Education

Delhi University to consider proposal for setting up centre to offer job-oriented courses

The discussion on establishing the centre will be taken up at the academic council meeting on March 22.

Delhi University will consider a proposal for setting up a centre to offer job-oriented courses for students enrolled in its Campus of Open Learning.

The discussion on establishing the centre will be taken up at the academic council meeting on March 22.

Payal Mago, director, Campus of Open Learning, said, “This centre will house a media centre and will provide online and experiential learning courses to students.
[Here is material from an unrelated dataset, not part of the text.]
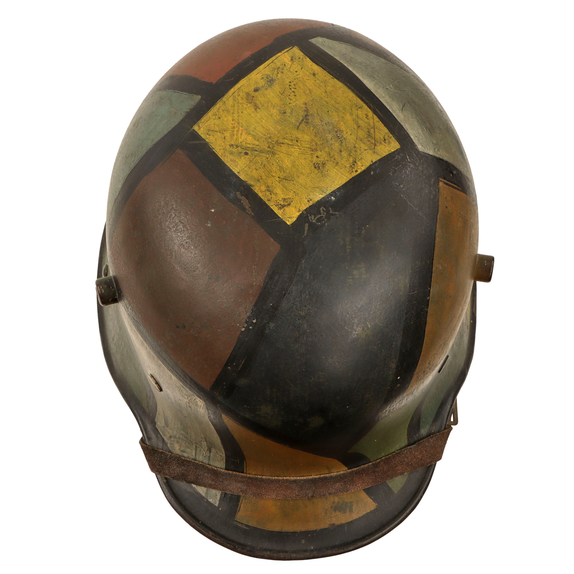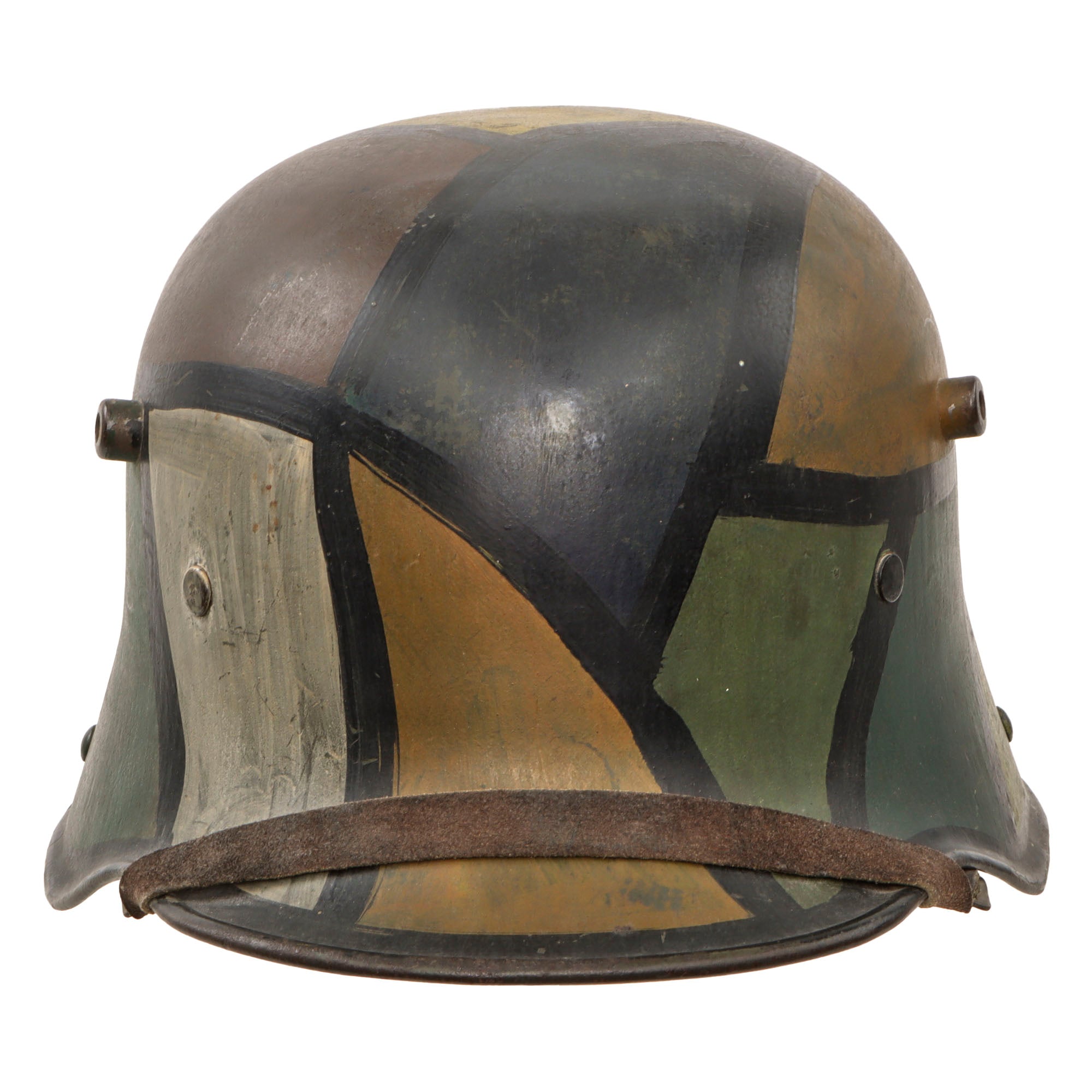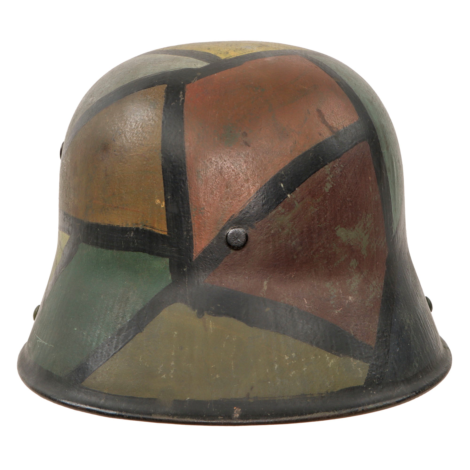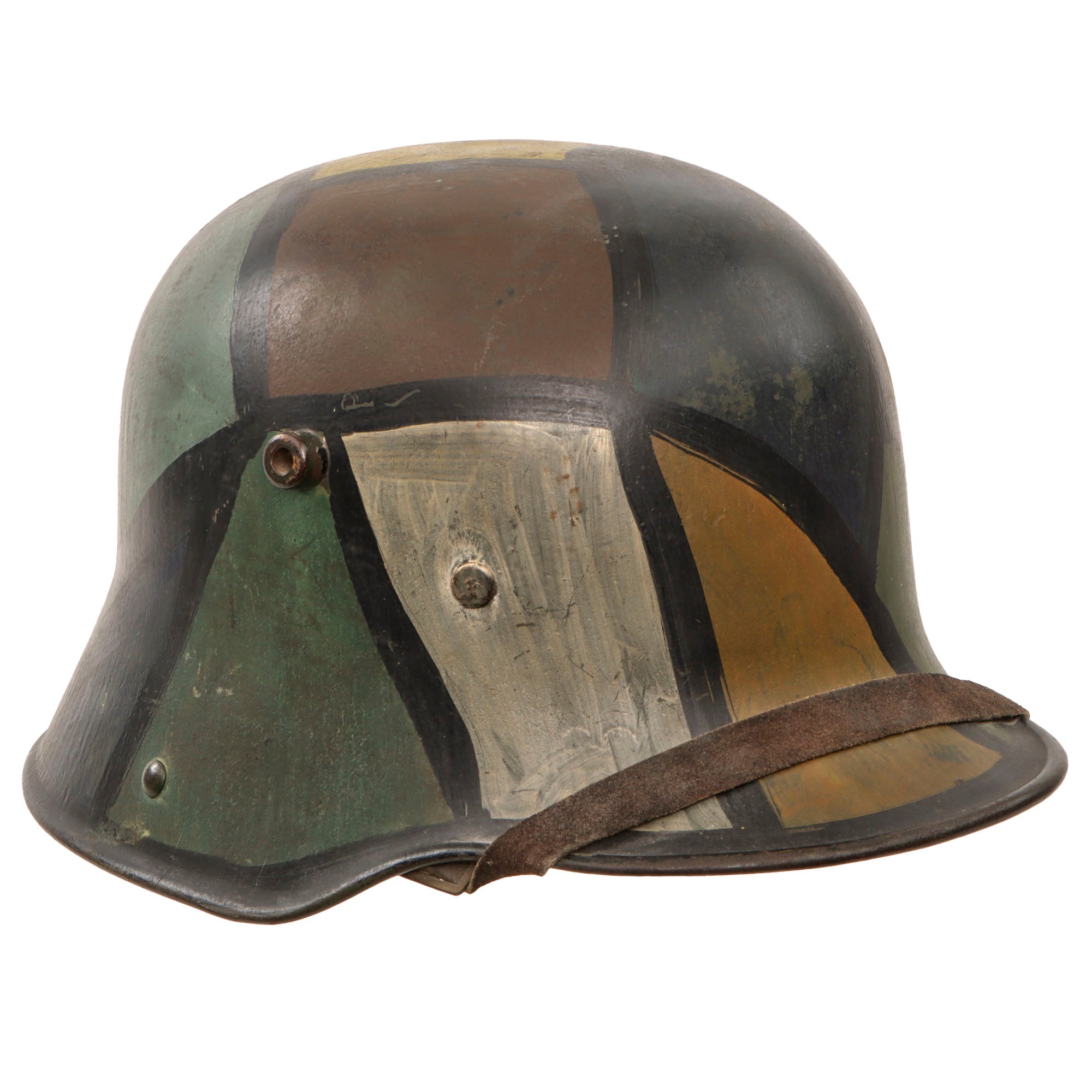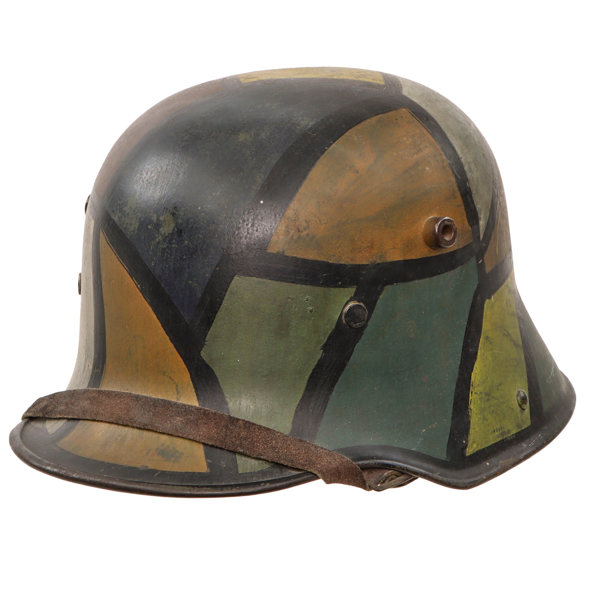 Original Item: Only One Available. This is a very nice example of a totally original WWI German M16 Helmet, with a nice reproduced "paneled" camouflage paint scheme. This was a very popular type of camouflage used on both sides of WWI. It has been reproduced on this helmet with panels of blue, yellow, green, white, brown, and red, with black separating lines. This was likely done by a re-enactor. The stamped, sheet steel construction helmet retains its original three-pad liner with all three retaining the original pillows. The chinstrap stretched taut over the brim appears to be a very good reproduction which has been aged.

To enhance the employability of students of the School of Open Learning (SOL), these will be skills-based courses and tailored as per their needs.” For instance, she said, many of the SOL students were pursuing graduation while also handling their family businesses and the centre might offer a course on how to run a family business and increase profitability. “Students will also get to learn basic computer skills and some languages that will help them,” she said.
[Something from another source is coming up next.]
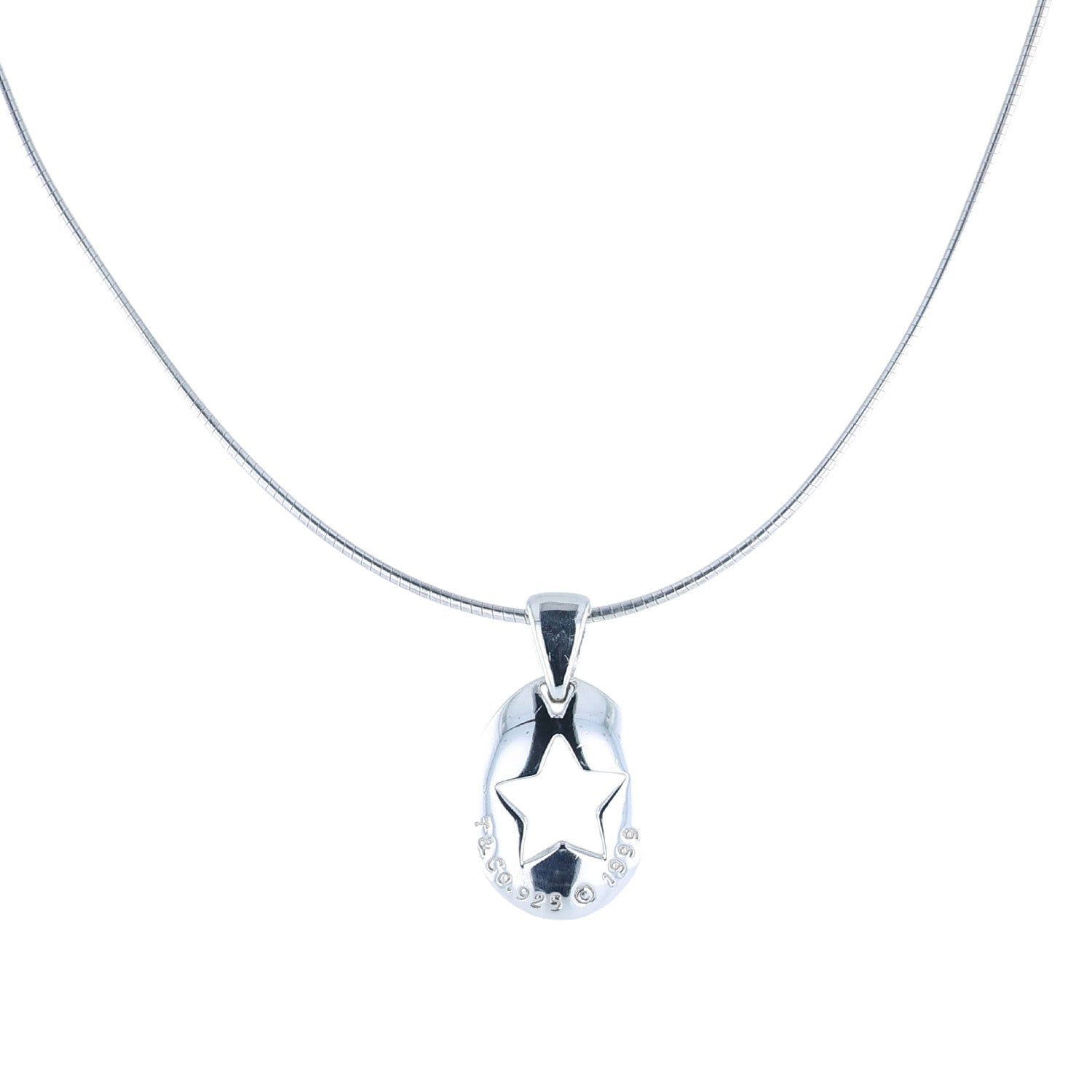 From the Bella Cosa Jewelers estate collection. This pre-owned Tiffany & Co. stencil star pendant has been set in sterling silver and comes with a wire chain that measures 16 inches in length.

To start with, the centre will offer three diploma courses –journalism (English and Hindi), post graduate diploma in library automation services, and mushroom cultivation.
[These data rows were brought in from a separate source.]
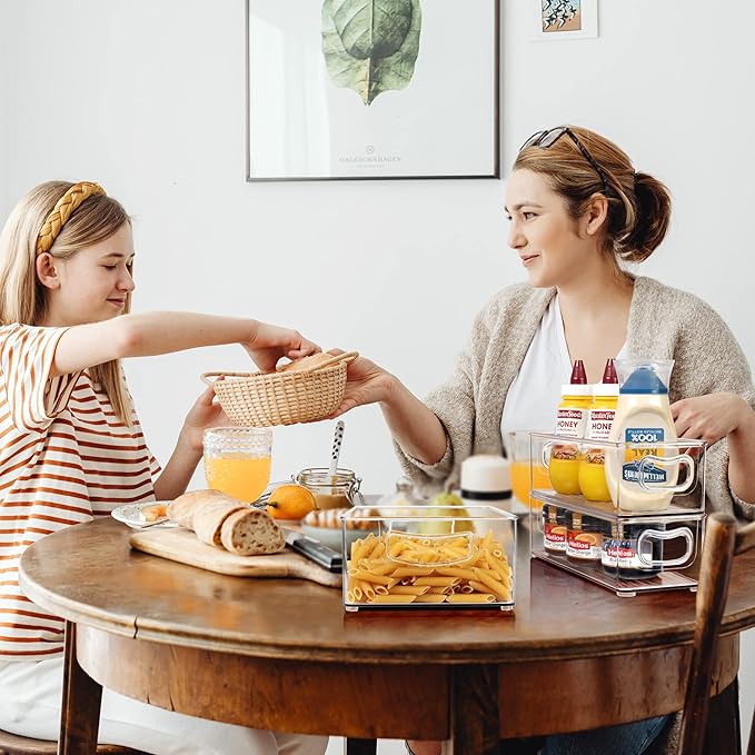 Hudgan 8 PACK Stackable Pantry Organizer Bins (3 sizes) - Clear Fridge Organizers for Kitchen, Freezer, Countertops, Cabinets - Plastic Food Storage Container with Handles for Home and Office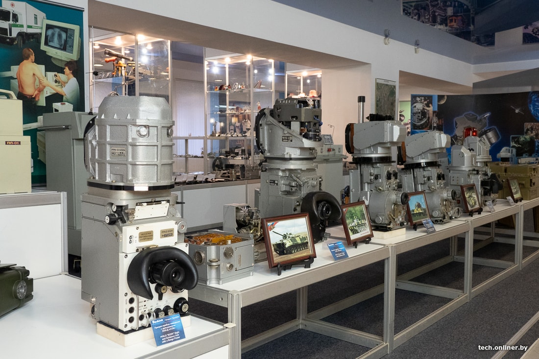 По продукции «БелОМО» за 60-летнюю историю предприятия не сразу поймешь, чем конкретно оно занимается: в выставочном центре лежат соковыжималки, антивандальные светильники (говорят, такие до сих пор в переходах Минска встречаются), запчасти для МАЗов и КАМАЗов, объективы для камер, оптика под космические спутники. А еще прицелы на муляжах штурмовых винтовок, военные бинокли и тепловизоры — причем нужны они совсем не для поиска зайца в лесах.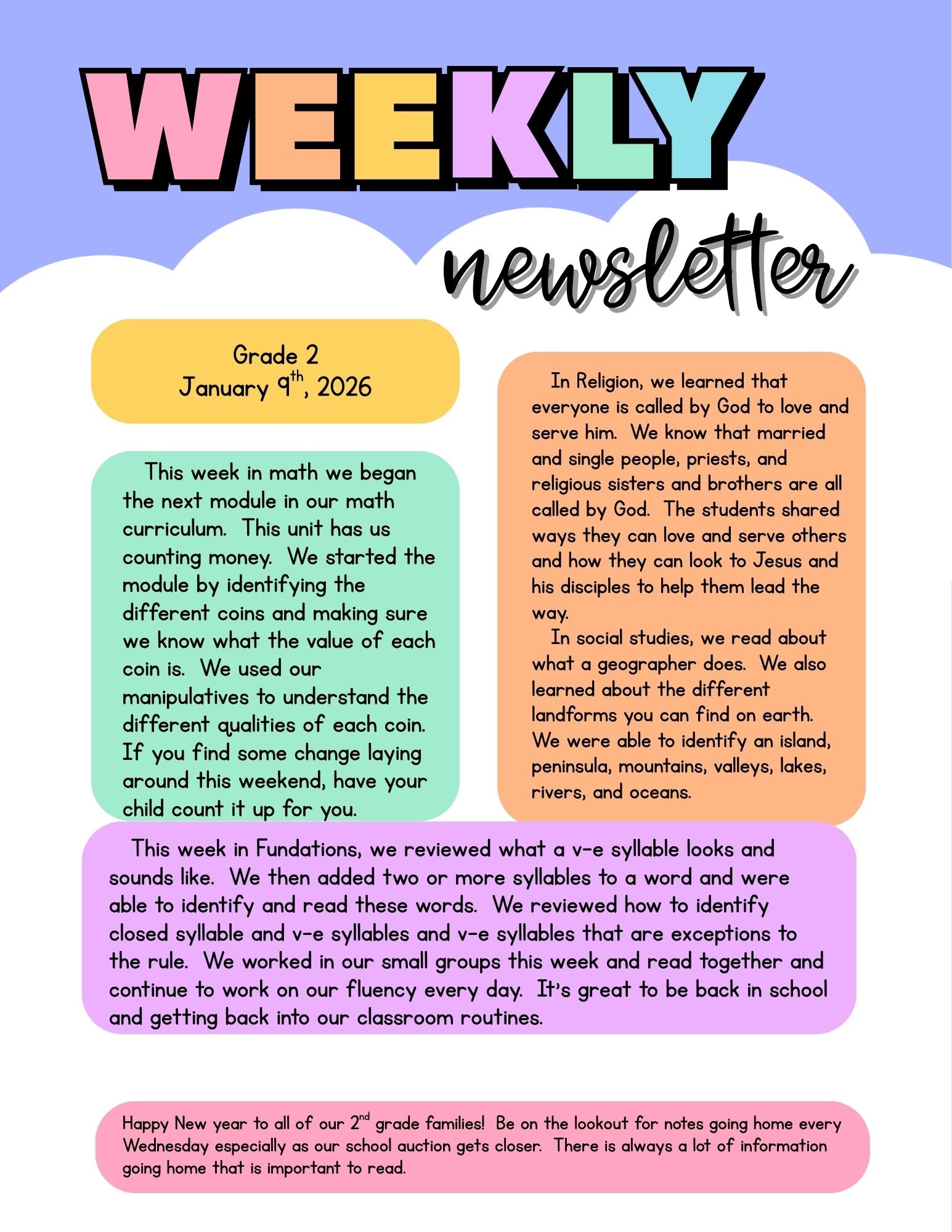 2nd grade scoop-January 9th, 2026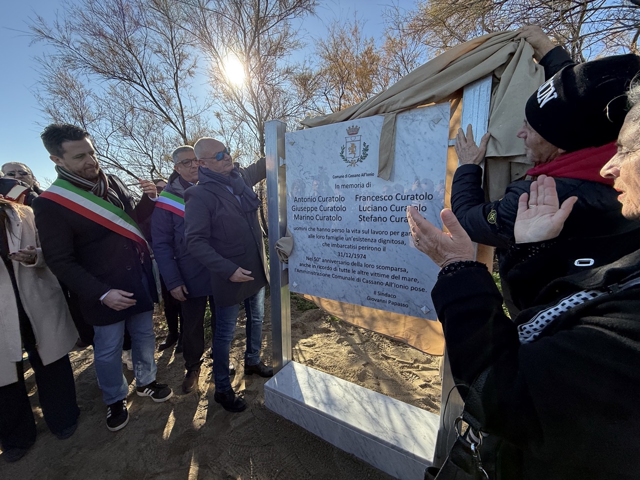 «Sono stato contattato da alcuni componenti della famiglia Curatolo – ha spiegato il sindaco di Cassano Giovanni Papasso – scoprendo che la barca della famiglia Curatolo venne trovata proprio qui. Ci siamo messi subito a disposizione per restituire piena memoria a questo episodio perché fa parte anche della storia di Sibari. Il messaggio che oggi parte dalle spiagge di Sibari è per ricordare tutte le vittime del mare, le vittime delle famiglie Curatolo e Celi, ma più in generale tutte le vittime del lavoro in mare e quelle che partono e attraverso il mare vanno in cerca di una Terra promessa che non troveranno mai».

There will be a mix of online and offline classes – either 50-50 per cent or 60-40 per cent, she said.

“Students will get hands-on learning. For instance, in journalism, they will have to do internships, and in mushroom cultivation, they will be taught how to cultivate five types of mushrooms, and for that, we have identified five nodal points,” Mago said.

The journalism course will be carried out in collaboration with Delhi University’s Hansraj College while for the other courses, experts have been identified.

Nominal charges will be levied on the courses, Mago said, and they will be run on a no-profit basis, she said.

The courses will be in accordance with the National Education Policy, according to the agenda of the meeting.

In a related development, the Delhi University Teachers’ Association said its members will boycott classes on Tuesday to demand one-time regulation for the absorption of ad hoc and temporary teachers. It said they will stage a protest outside the venue of the academic council meeting.